A gambling license is a scarce commodity in Missouri now that voters agreed to limit the number of casinos to 13. But that isn't stopping dreamers, including David Knight of Cape Girardeau, from keeping their hopes alive that they may find a way to secure one of those rare items.
Those hopes became a little brighter last month when the Missouri Gaming Commission ruled that the license for the President Casino, operated by Pinnacle Entertainment in the old Admiral riverboat on the St. Louis waterfront, isn't transferrable.
Pinnacle asked the commission for the right to replace the boat with a new facility built on a barge. The company has also floated the idea of moving the new gambling facility to a site near the Chain of Rocks Bridge in St. Louis.
Both of those ideas are unacceptable, the commission ruled. A license is for a site and a facility and the location may not be changed and the facility may not be replaced without a new license application. The commission hasn't decided whether to award that license through an open process allowing for competition among potential sites or by giving priority to the incumbent operator.
"The commission has determined it would take a new license for a new facility and that is where the commission's actions stop," said LeAnn McCarthy, spokeswoman for the gaming commission.
Because the process remains undefined, at least three groups are hoping they can persuade the gaming commission to grant them the available license. They are:
* Knight and his Cape Girardeau partner Jim Riley. Knight, owner of Ole Hickory Pits, and Riley, owner of Red Letter Communications, own or have under option land along North Main Street for a project they call DREAMbig LLC. The 20-acre development idea includes a casino, hotel and 4,400-seat entertainment complex. Knight was on the verge of making initial applications to the commission last year when Proposition A, which set the license limit, was approved for the ballot and the commission ended all consideration of new licenses.
* North County Development LLC, which is undergoing the plan approval process in St. Louis County for a 377-acre development just south of the Columbia Bottoms Conservation Area at the confluence of the Missouri and Mississippi Rivers. The St. Louis County Planning Commission has approved the plan, which needs to overcome several more regulatory hurdles before construction would be allowed.
* Sugar Creek, Mo., in eastern Jackson County, near Kansas City, which was in the preliminary stages of seeking a license when the moratorium was imposed.
None of the proposed developments have announced a casino partner. Knight said last week that he has been talking with out-of-state casino operators to be ready if an open license is offered for competition.

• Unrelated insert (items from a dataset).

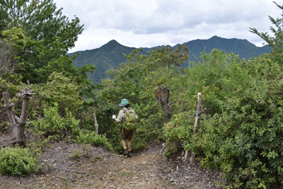 (天気) | 曇り。雲の色は黒かった。山頂の気温は27℃。少し蒸し暑さがあった。ときおり涼しい風を受けた。曇りながら視界は澄んでいた。 | ||
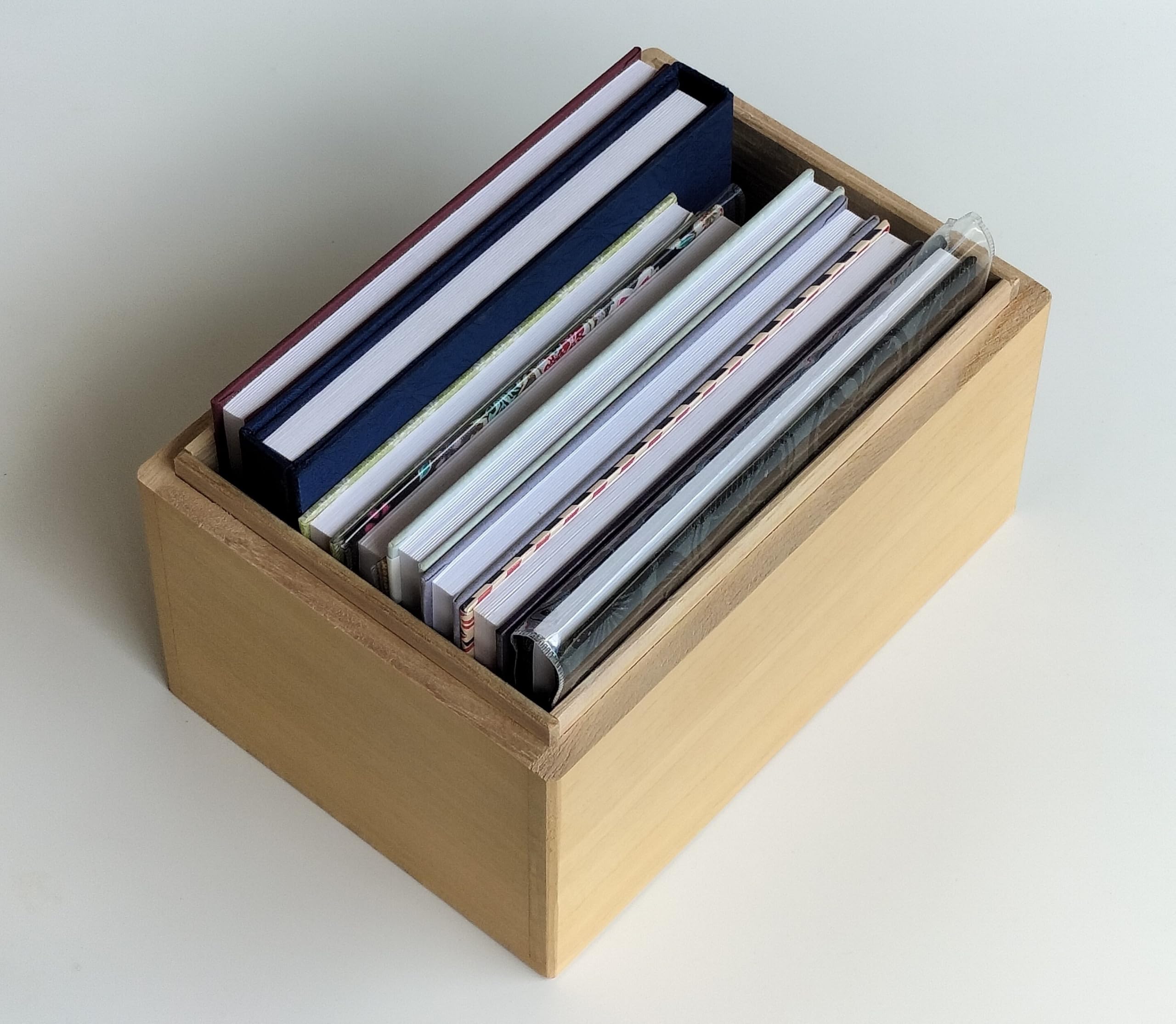 大判サイズ(12×18)の御朱印帳を7冊〜8冊収納できる保存ケースです ケースカバー付の状態でも収納できるよう幅を調整しています
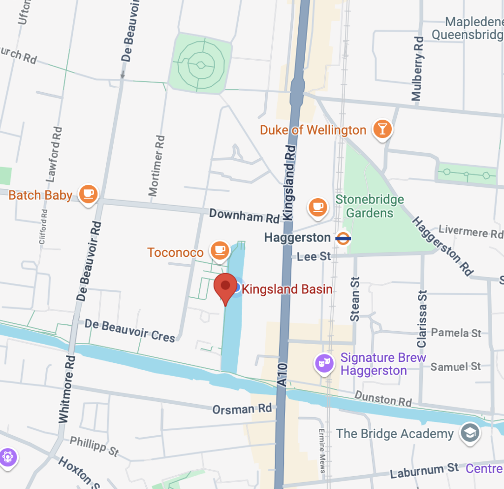 We are based off the Regents Canal in Hackney East London, at the corner with Route cafe. We’re very close to Kingsland Road and can be best visited via the canal towpath.
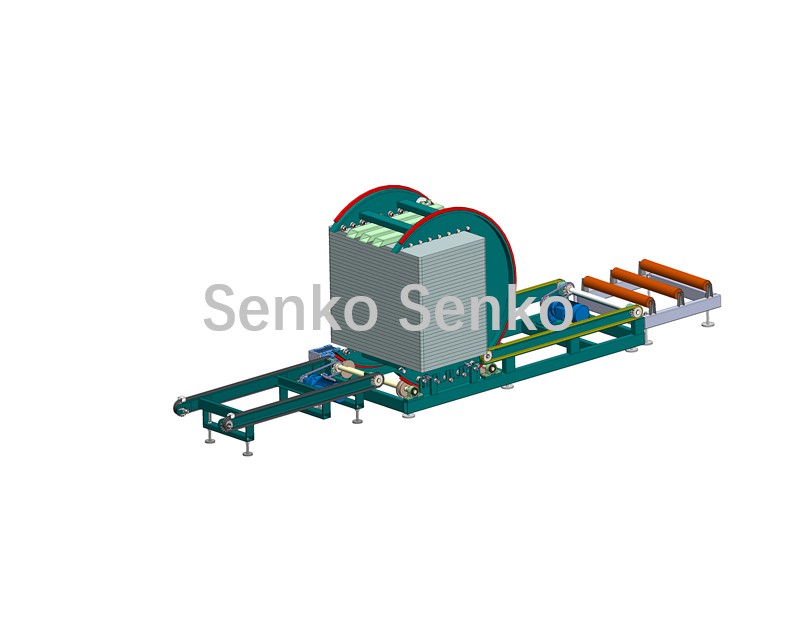 Tras apilar los palets vacíos, un transportador de rodillos los transporta al mecanismo de volteo de pilas. Este mecanismo permite girar los bloques apilados 90 grados para que las aberturas se puedan retirar con una carretilla elevadora, lo que reemplaza el volteo manual, ahorra mano de obra, evita accidentes y protege los bloques de daños.
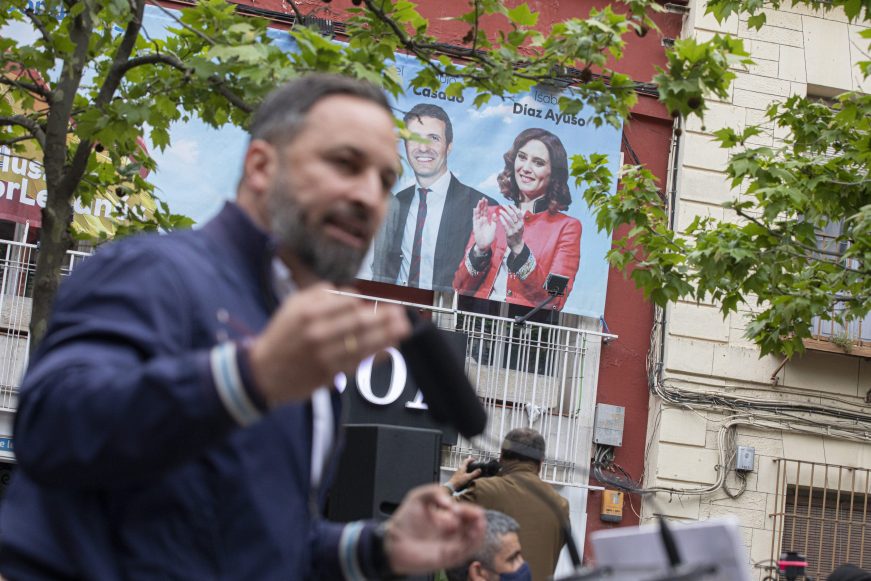 El presidente de VOX, Santiago Abascal Conde, y la candidata de esta formación política verde a la Presidencia de la Comunidad el próximo 4 de mayo de 2021 (4M), Rocío Monasterio San Martín, han criticado que el Tribunal Constitucional (TC) haya tardado tan sólo tres días en resolver un «asunto personal» —en referencia al recurso presentado por la candidatura del ex cargo de Ciutadans Partit de la Ciutadanía-Ciudadanos (Cs) Toni Cantó en las listas del PP a la Comunidad de Madrid, rechazada por el (TC) por su empadronamiento en la región madrileña fuera del plaza exigido por la Ley Electoral —, mientras que no ha resuelto los dos recursos presentados por VOX contra el Estado de Alarma. Madrid, 15 de abril de 2021.

"There is a limit to how much of that I can talk about," Knight said. "However, we are aware of the situation and it is our contention that Cape Girardeau would be the logical place for the license to be."
Knight does have some ammunition on that point. A study conducted last year concluded that most markets where casinos are already operating are near saturation and new casinos would likely split the take, not increase it, from gamblers. But a casino in Cape Girardeau was shown to have some of the best potential for increasing the overall take to the casino companies or the state.
Knight fought Proposition A in the courts to keep the limit off the number of licenses. He said he doesn't want to refight that battle, but expects the commission to consider locations outside the big metropolitan areas when the President's license becomes available.
"I will take the issue as presented at the present time by the gaming commission and work productively with them on the portability of the license or according to the law if a license is taken away by whatever means that it would be open to be moved and that if that is in fact the case then Cape Girardeau is the logical place," Knight said.
Along with the President's license, there are two other paths that could make a license available. The Missouri Legislature could pass a bill changing the limit to 14, 15 or more. A license could also become available if a current boat anywhere in the state is closed because of economic conditions.
The developers in St. Louis County don't see the lack of an available license today as a block to their plans, said Edward Griesedieck, the attorney who has served as a spokesman for the developers. Increasing the number of licenses through legislative action isn't out of the question, Griesedieck said. Reports from the American Gaming Association show Missouri's gambling industry is the fastest-growing in the country, he said.
"We just watched the legislature and it was a common theme that both the Missouri Gaming Commission and certain legislators thought it would be a good idea so they could produce additional revenue," Griesedieck said.
But House Majority Leader Steve Tilley, R-Perryville, said he doesn't see any chance of lawmakers changing the law enacted by voter approval.
"I can tell you, expanding that cap in the legislature is not only not likely, it is near impossible," Tilley said.
And two other Southeast Missouri lawmakers, veteran Sen. Jason Crowell, R-Cape Girardeau, and freshman Rep. Clint Tracy, R-Cape Girardeau, both indicated that they would not be willing to increase the cap.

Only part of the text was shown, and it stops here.